En tanto, el diario Clarín no buscó en ese momento ampliar el espacio otorgado a sus lectores. Cuando años después, en septiembre de 2003, el editor general del matutino, Ricardo Kirschbaum, fue consultado por la revista Noticias sobre si tenía pensado incluir al ombudsman del lector como uno de los aportes al nuevo rediseño del diario, el periodista reconoció:

“Tenemos una discusión en torno a su efectividad, la experiencia a nivel mundial ha tenido pro y contra. Quizás haya que convocar a un grupo de periodistas que trabaje en el área de control de calidad del diario. No lo haremos regularmente, sólo cuando nos parezca necesario.”2

Sin embargo, el mismo editor cambió de opinión cuando en mayo de 2004 anunció que se incorporaba a la edición dominical la sección Lectores, “una página de interactividad con cartas que plantean problemas, críticas, señalan errores o discrepan con la información u opinión publicada por Clarín”. Se asignó así al periodista Osvaldo Pepe, “un editor con trayectoria y experiencia”, la labor de “dar su punto de vista después de haber estudiado el problema planteado” por el lector. Al igual que en La Nación, aparecía en Clarín, aunque varios años después, un espacio y un profesional del medio para atender las inquietudes de los lectores, pero tampoco en este caso el diario le otorgaba el título de ombudsman o defensor, ni su función aparecía regulada por ningún estatuto.

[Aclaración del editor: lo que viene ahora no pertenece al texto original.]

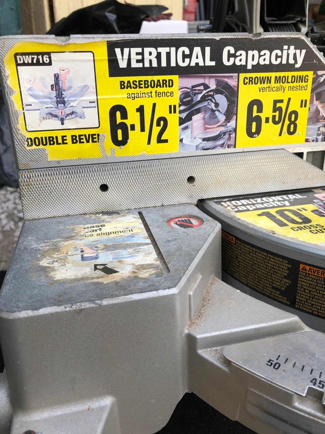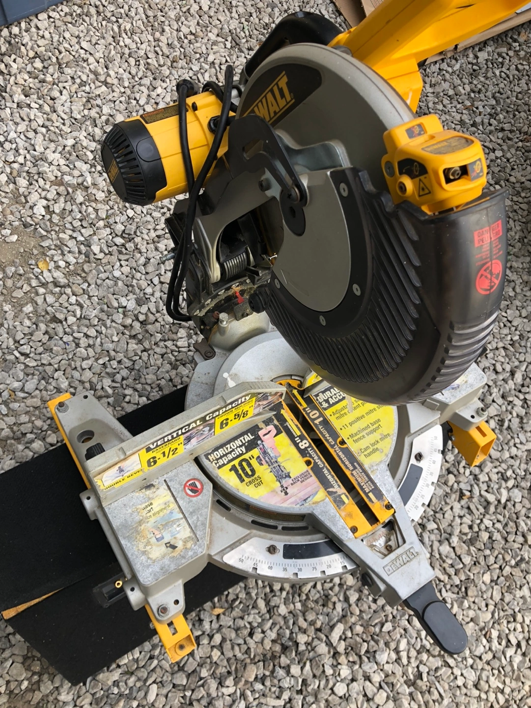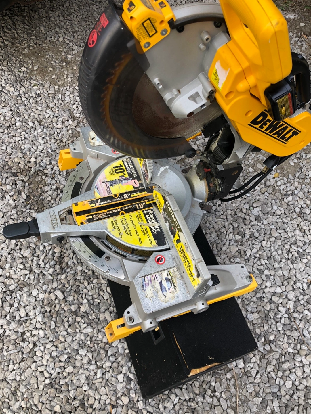 110DeWalt 10-inch compound miter saw. Includes the saw, blade, and stand. Double bevel. Works well, but has minor signs of use.
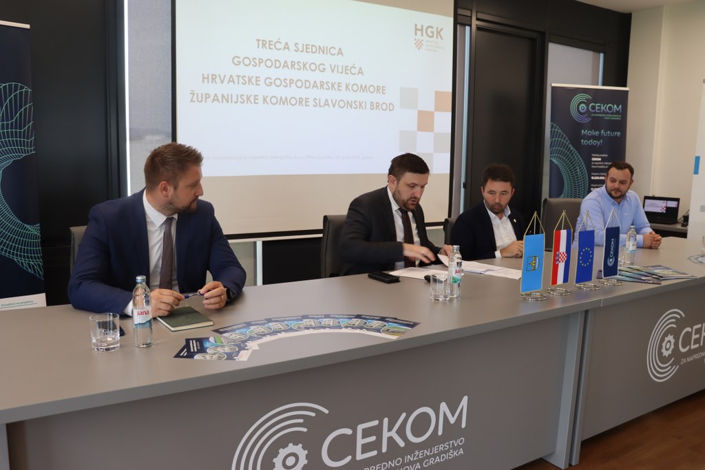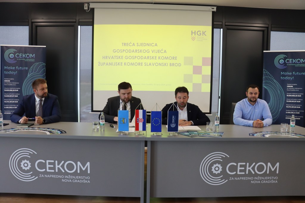 – “Ugostili smo sjednicu Gospodarskog vijeća HGK Brodsko – posavske županije čiji smo i mi članovi i drago nam je da je HGK Slavonski Brod prepoznala ovaj prostor i zapadni dio Brodsko – posavske županije kao mjesto gdje će se održavati ovako važna sjednica. Prilika je to da im pokažemo da u Novoj Gradiški raspolažemo s jednim modernim i lijepim znanstveno istraživačkim prostorom, ne samo zgradom, već i strojevima koje ćemo obići, te da im pokažemo što mi ovdje radimo ovdje i kako doprinosimo našem gospodarstvu.” – naveo je direktor CEKOM-a Adam Đanić
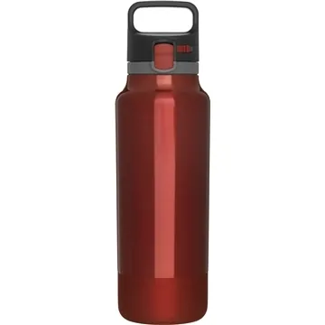 - 25 oz double wall 18/8 stainless steel thermal bottle with copper vacuum insulation, threaded one-touch push-button lid, locking mechanism, carrying handle, and rubberized base · patent pending · gift box included
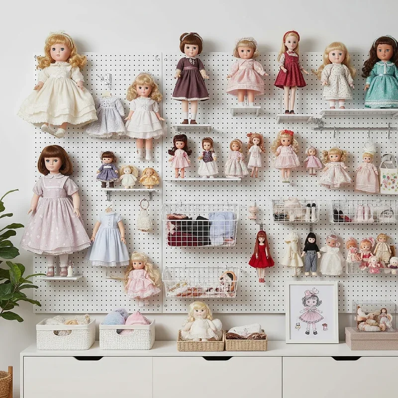 Create an infinitely customizable doll display using pegboard that adapts as collections change! Paint pegboard in fun colors and add various hooks, shelves, and baskets for dimensional storage. Small shelves hold standing dolls while hooks suspend dolls by clothing or specially added loops. The hole pattern allows endless reconfiguration without damaging walls or leaving marks. Add small containers for accessories, creating a complete doll care station on one wall. Include mirrors at doll height for kids to "help" dolls check their appearances. The industrial look works surprisingly well in modern kids' rooms when painted bright colors. Create zones for different children or doll types using colored sections or borders. LED strips behind pegboard create stunning backlit effects for special displays. This system handles everything from tiny collectibles to large baby dolls efficiently!
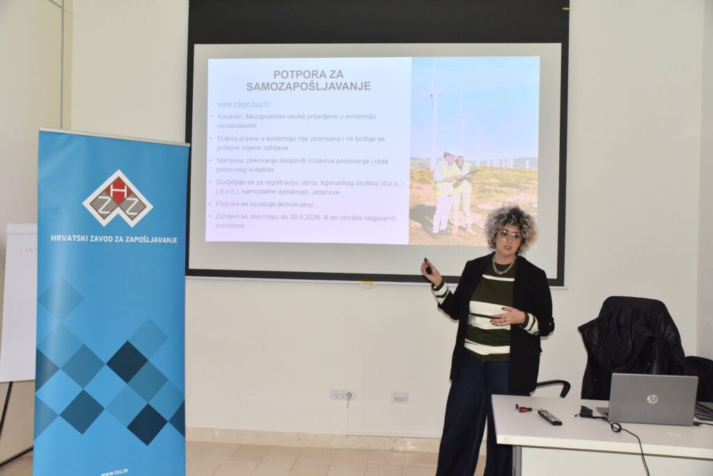 Sudionicima su predstavljene mjere za zapošljavanje, zapošljavanje u zelenim i digitalnim djelatnostima, kao i mjere samozapošljavanja te samozapošljavanja u zeleno-digitalnom sektoru. Kroz interaktivnu raspravu i pitanja, sudionici su imali priliku detaljno se upoznati s uvjetima korištenja pojedinih mjera.
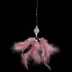 Dekorace z peří závěsná - barva růžová, balení 6 ks, cena za 1 ks
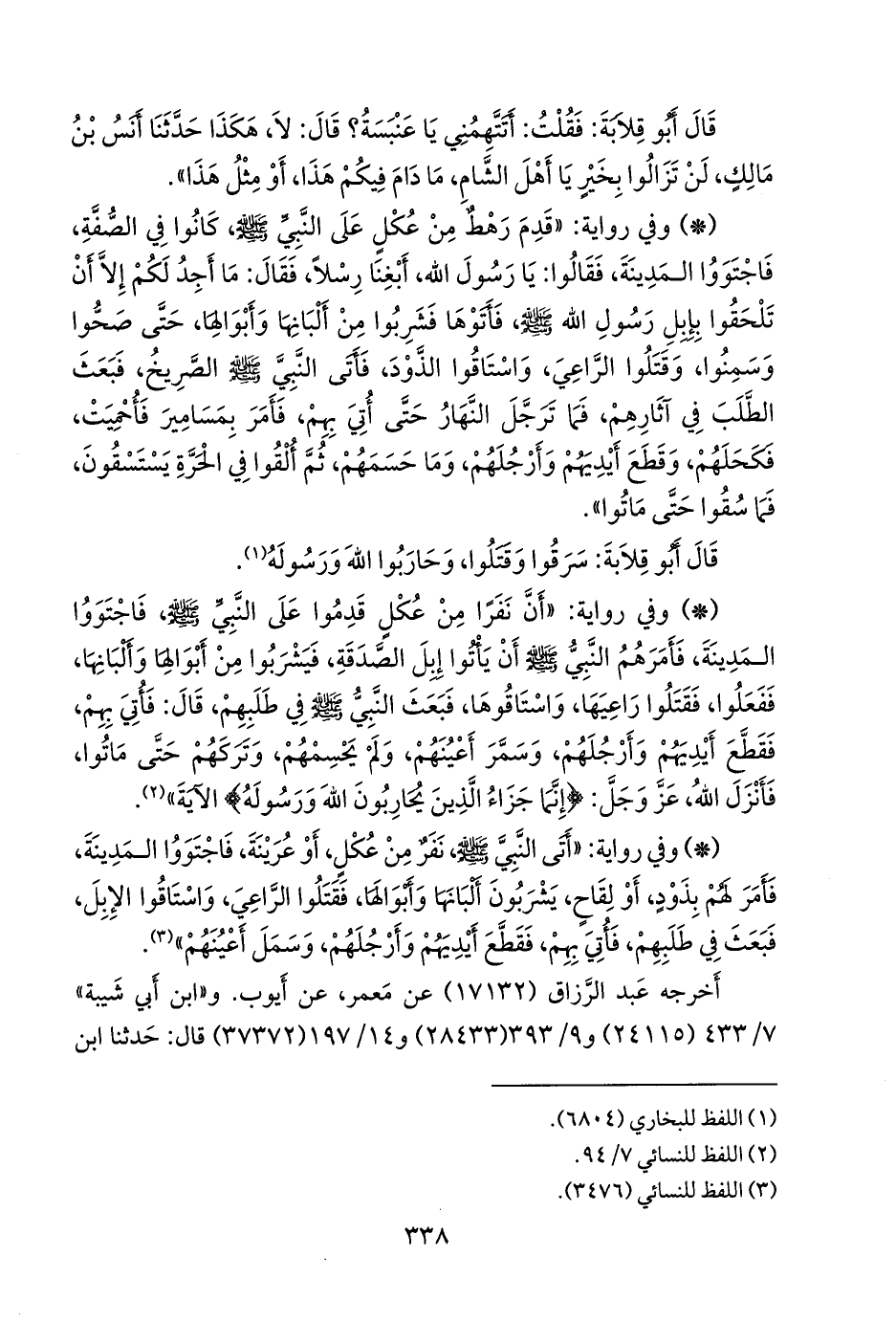- وفي رواية: «أن نفرا من عكل قدموا على النبي صَلى الله عَليه وسَلم فاجتووا المدينة، فأمرهم النبي صَلى الله عَليه وسَلم أن يأتوا إبل الصدقة، فيشربوا من أَبوالها وألبانها، ففعلوا، فقتلوا راعيها، واستاقوها، فبعث النبي صَلى الله عَليه وسَلم في طلبهم، قال: فأتي بهم، فقطع أيديهم وأرجلهم، وسمر أعينهم، ولم يحسمهم، وتركهم حتى ماتوا، فأنزل الله، عز وجل: {إنما جزاء الذين يحاربون الله ورسوله} الآية» (¬٢).

En lo que respecta a los demás matutinos que se editan en la Capital Federal y sus alrededores, algunos –como La Prensa y Popular– dedican espacios importantes a las cartas de sus lectores, otros como Página/12 seleccionan sólo un mensaje que aparece en la contratapa. La característica de estos diarios es que sólo se limitan a publicar esas cartas, pero no hay respuestas a las inquietudes, que generalmente tratan sobre problemáticas del país y no sobre la política editorial del medio en particular.

Finalmente, existen diarios –que si bien anuncian su teléfono, dirección y mail para que sus lectores se comuniquen–, nunca le conceden a esos mensajes un lugar y un tratamiento en las ediciones diarias.

En este marco, resulta valioso analizar entonces qué características tuvo la experiencia del ombudsman en Perfil, para tratar de pensar a partir de allí por qué los medios argentinos se resisten a implementar en su total plenitud esta figura de autorregulación.

2. El caso Perfil

2.1. Un diario como “mensaje de cambio”

El No. 1 del diario Perfil salió a la venta el sábado 9 de mayo de 1998. Después de publicarse como página en Internet y de múltiples “números cero” que se editaron como “forma de entrenamiento” y que “jamás llegaron a la calle”, por fin, el diario estuvo en manos de los lectores.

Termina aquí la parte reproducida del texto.